■ **LISTED RECORDS**
-*-*-

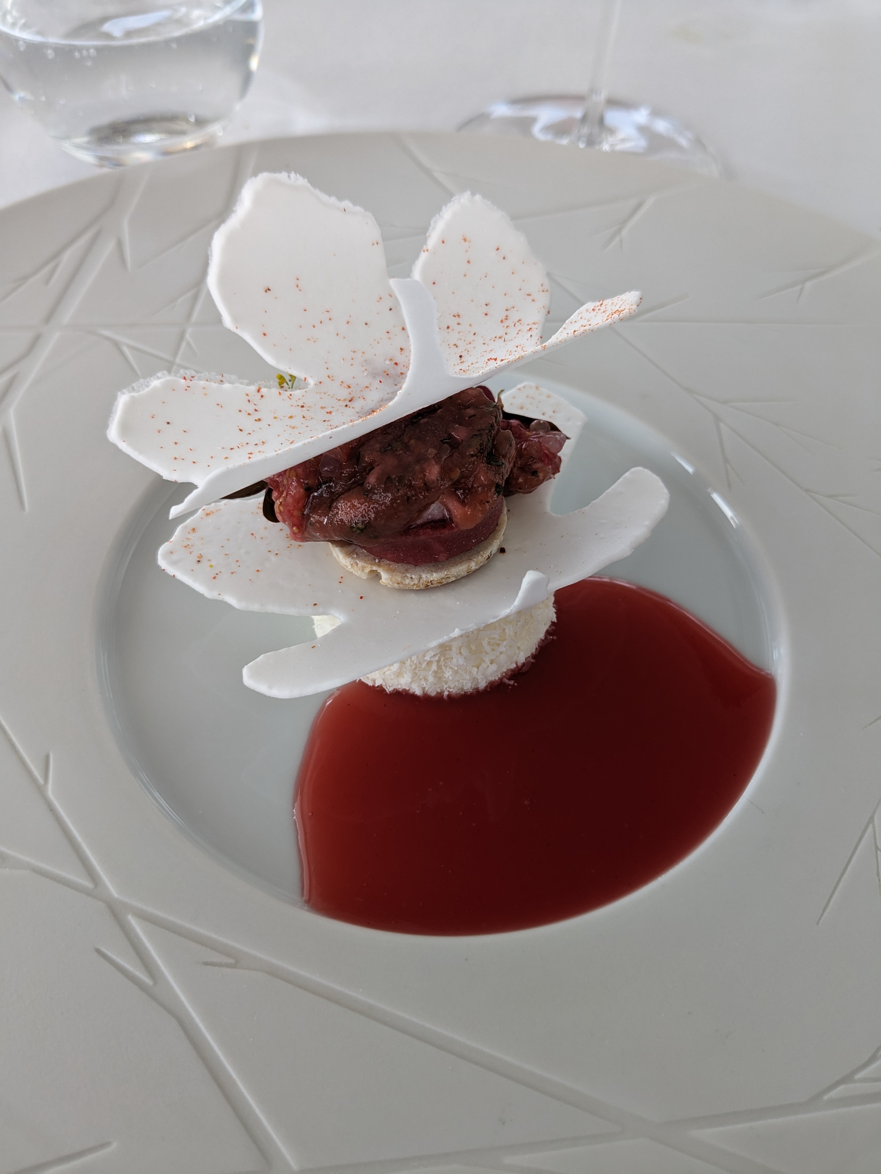 Vue incroyable, service impeccable, repas absolument délicieux à chaque plat et très grand vins pour accompagner le tout. Déjeuner de très haute volée. Le prix est élevé mais c'est clairement un établissement de grande qualité à tous les niveaux.
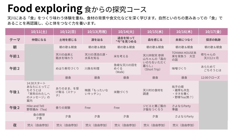 緑深く静かな山々に囲まれた天川村で、「食」を通して生き方を見つめる一週間。食べることは、自然の恵みをいただくこと。そして、食べることは、生きること。全国から集まった8名の参加者が、それぞれの想いを胸に“Food Exploring”へ。
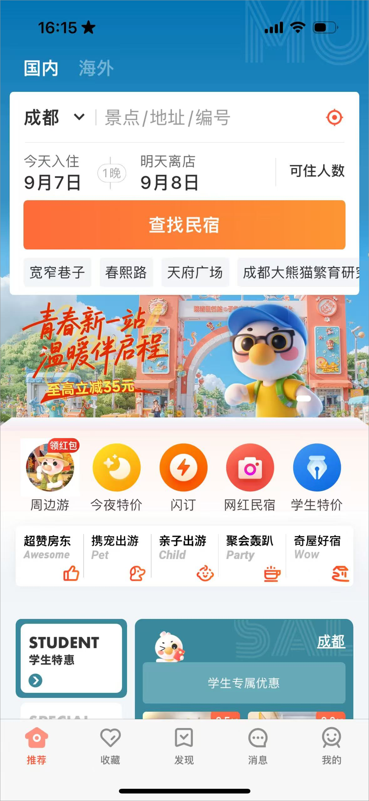 1、海量房源任你选:全国及海外热门旅游城市全覆盖。周末游周边游住宿预订性价比之选。
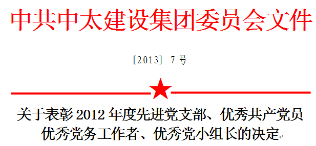 2012年度,集團公司各級黨組織堅持以科學發展觀為指導,按照集團黨委的總體要求,緊緊圍繞“一園兩翼,多元發展,實現中太產業結構轉型升級”和“三個跨越、四個一體化”的戰略發展目標,堅持“打中太牌,走全國路,謀海外財”的發展方針,深入貫徹落實黨的十八大精神,結合黨委開展的“三抓三帶”活動,團結帶領廣大黨員積極創先爭優,服務中心工作,為推動企業持續、健康、和諧發展發揮了黨組織的戰斗堡壘作用和政治保障作用;廣大黨員在各自的崗位上勤奮工作、勇挑重擔,發揮了黨員的模范帶頭作用,涌現出了一批業績突出的先進集體和優秀個人。為表彰先進,樹立典型,充分發揮榜樣的示范作用,激勵黨員和員工見賢思齊,全面推動集團公司科學健康發展,在紀念中國共產黨建黨92周年之際,集團黨委決定,對混凝土公司黨支部等8個“先進黨支部”、林維生等39名“優秀共產黨員”、楊召國等9名“優秀黨務工作者”、閆建薇等10名“優秀黨小組長”予以通報表彰。
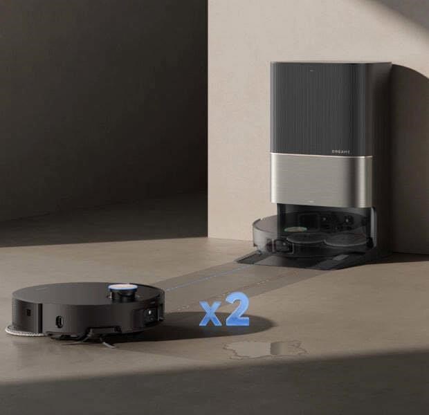 Už pri prvom spustení využíva robotický vysávač Dreame X50 Ultra Complete technológiu 360 ° DToF skenovania, vďaka čomu precízne zmapuje celý interiér. Táto laserová navigácia umožňuje systematické a efektívne čistenie bez vynechaných miest. Vysávač je navyše vybavený umelou inteligenciou, ktorá mu pomáha vyhnúť sa aj predmetom zabudnutým na podlahe.
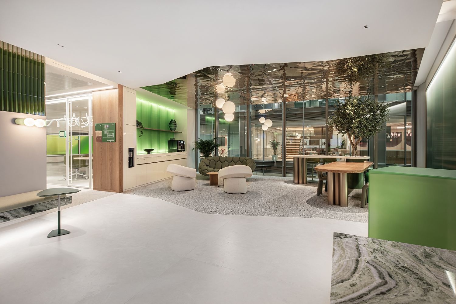 Subtly illuminated surfaces draw out the interior narrative in the reception where light was embedded within the vertical surfaces to reveal the organic depth of a palette inspired by mangroves. This focus on indirect lighting reduces reflections on the mirrored ceiling, leaving space for the decorative luminaires to form patterns on light.
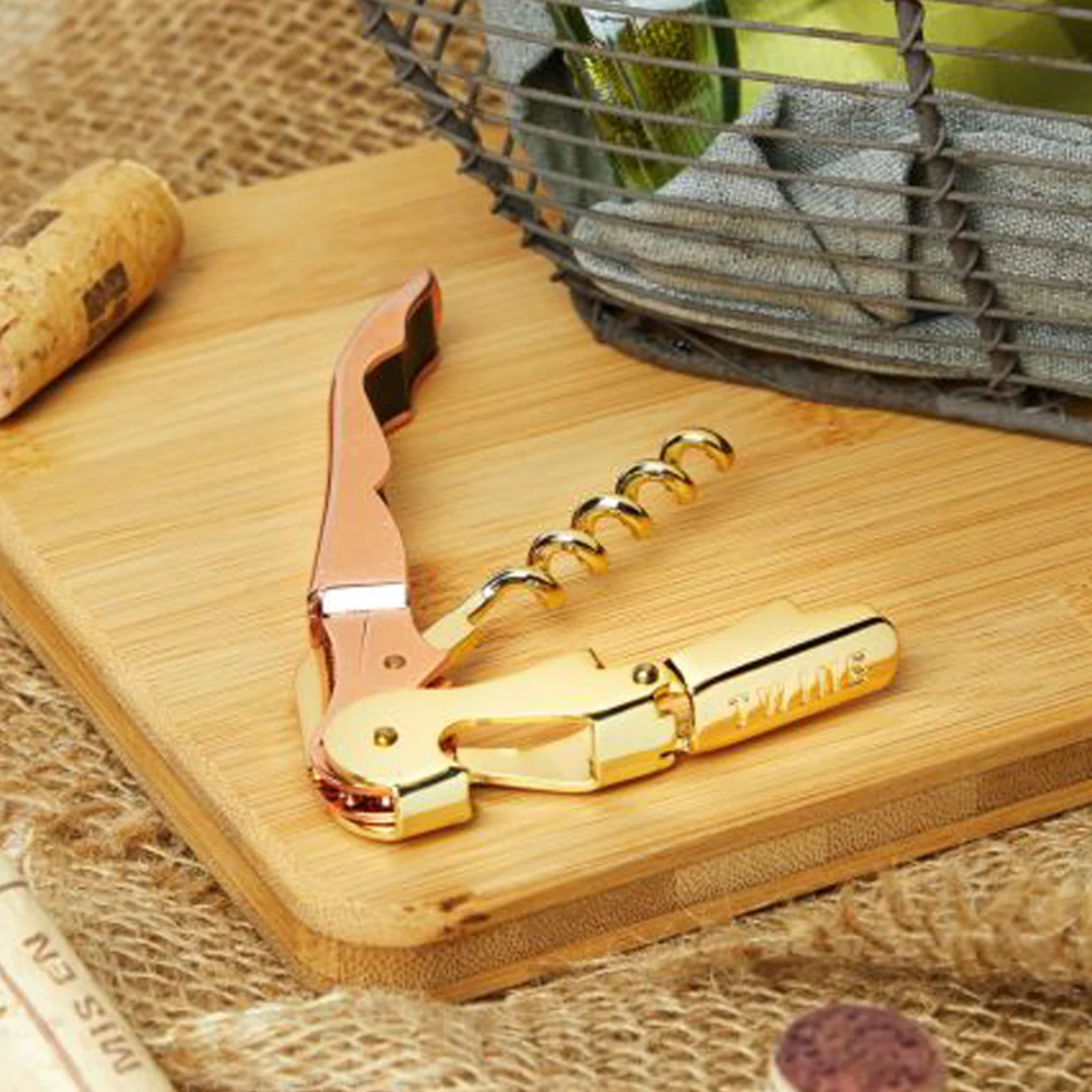 פותחן לבקבוק יין מבית המותג TWINE. הפותחן המעוצב בתחכום, שומר על המאפיינים הקלאסיים של פותחן מנצח ומשלב בתוכו נחושת וזהב בגוון רוזגולד שעוטפים אותנו מיד באלגנטיות.
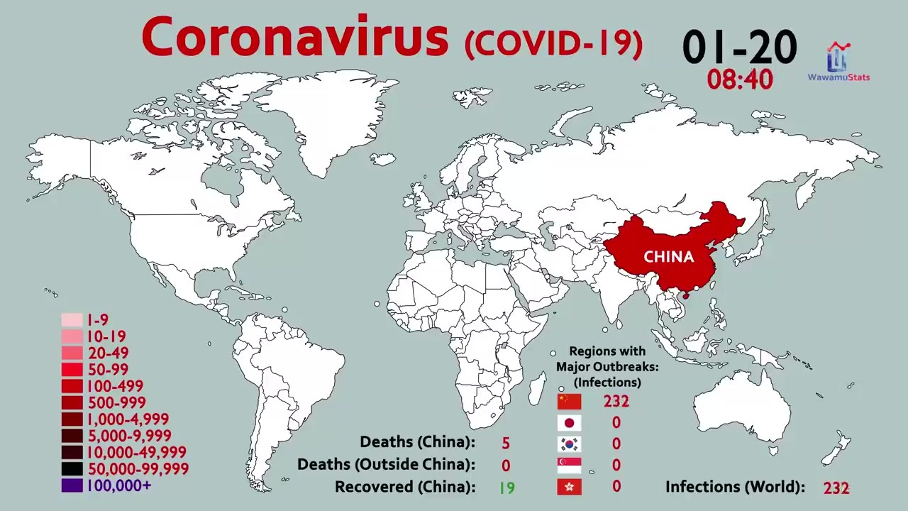 武漢肺炎ウイルスが世界に感染拡大する様を世界地図上で...

-*-*-

■ **PROBLEM REQUIREMENTS**
Give the entries above again exactly, minus their pictures.

■ **SOLUTION BELOW**
 Vue incroyable, service impeccable, repas absolument délicieux à chaque plat et très grand vins pour accompagner le tout. Déjeuner de très haute volée. Le prix est élevé mais c'est clairement un établissement de grande qualité à tous les niveaux.
 緑深く静かな山々に囲まれた天川村で、「食」を通して生き方を見つめる一週間。食べることは、自然の恵みをいただくこと。そして、食べることは、生きること。全国から集まった8名の参加者が、それぞれの想いを胸に“Food Exploring”へ。
 1、海量房源任你选:全国及海外热门旅游城市全覆盖。周末游周边游住宿预订性价比之选。
 2012年度,集團公司各級黨組織堅持以科學發展觀為指導,按照集團黨委的總體要求,緊緊圍繞“一園兩翼,多元發展,實現中太產業結構轉型升級”和“三個跨越、四個一體化”的戰略發展目標,堅持“打中太牌,走全國路,謀海外財”的發展方針,深入貫徹落實黨的十八大精神,結合黨委開展的“三抓三帶”活動,團結帶領廣大黨員積極創先爭優,服務中心工作,為推動企業持續、健康、和諧發展發揮了黨組織的戰斗堡壘作用和政治保障作用;廣大黨員在各自的崗位上勤奮工作、勇挑重擔,發揮了黨員的模范帶頭作用,涌現出了一批業績突出的先進集體和優秀個人。為表彰先進,樹立典型,充分發揮榜樣的示范作用,激勵黨員和員工見賢思齊,全面推動集團公司科學健康發展,在紀念中國共產黨建黨92周年之際,集團黨委決定,對混凝土公司黨支部等8個“先進黨支部”、林維生等39名“優秀共產黨員”、楊召國等9名“優秀黨務工作者”、閆建薇等10名“優秀黨小組長”予以通報表彰。
 Už pri prvom spustení využíva robotický vysávač Dreame X50 Ultra Complete technológiu 360 ° DToF skenovania, vďaka čomu precízne zmapuje celý interiér. Táto laserová navigácia umožňuje systematické a efektívne čistenie bez vynechaných miest. Vysávač je navyše vybavený umelou inteligenciou, ktorá mu pomáha vyhnúť sa aj predmetom zabudnutým na podlahe.
 Subtly illuminated surfaces draw out the interior narrative in the reception where light was embedded within the vertical surfaces to reveal the organic depth of a palette inspired by mangroves. This focus on indirect lighting reduces reflections on the mirrored ceiling, leaving space for the decorative luminaires to form patterns on light.
 פותחן לבקבוק יין מבית המותג TWINE. הפותחן המעוצב בתחכום, שומר על המאפיינים הקלאסיים של פותחן מנצח ומשלב בתוכו נחושת וזהב בגוון רוזגולד שעוטפים אותנו מיד באלגנטיות.
 武漢肺炎ウイルスが世界に感染拡大する様を世界地図上で...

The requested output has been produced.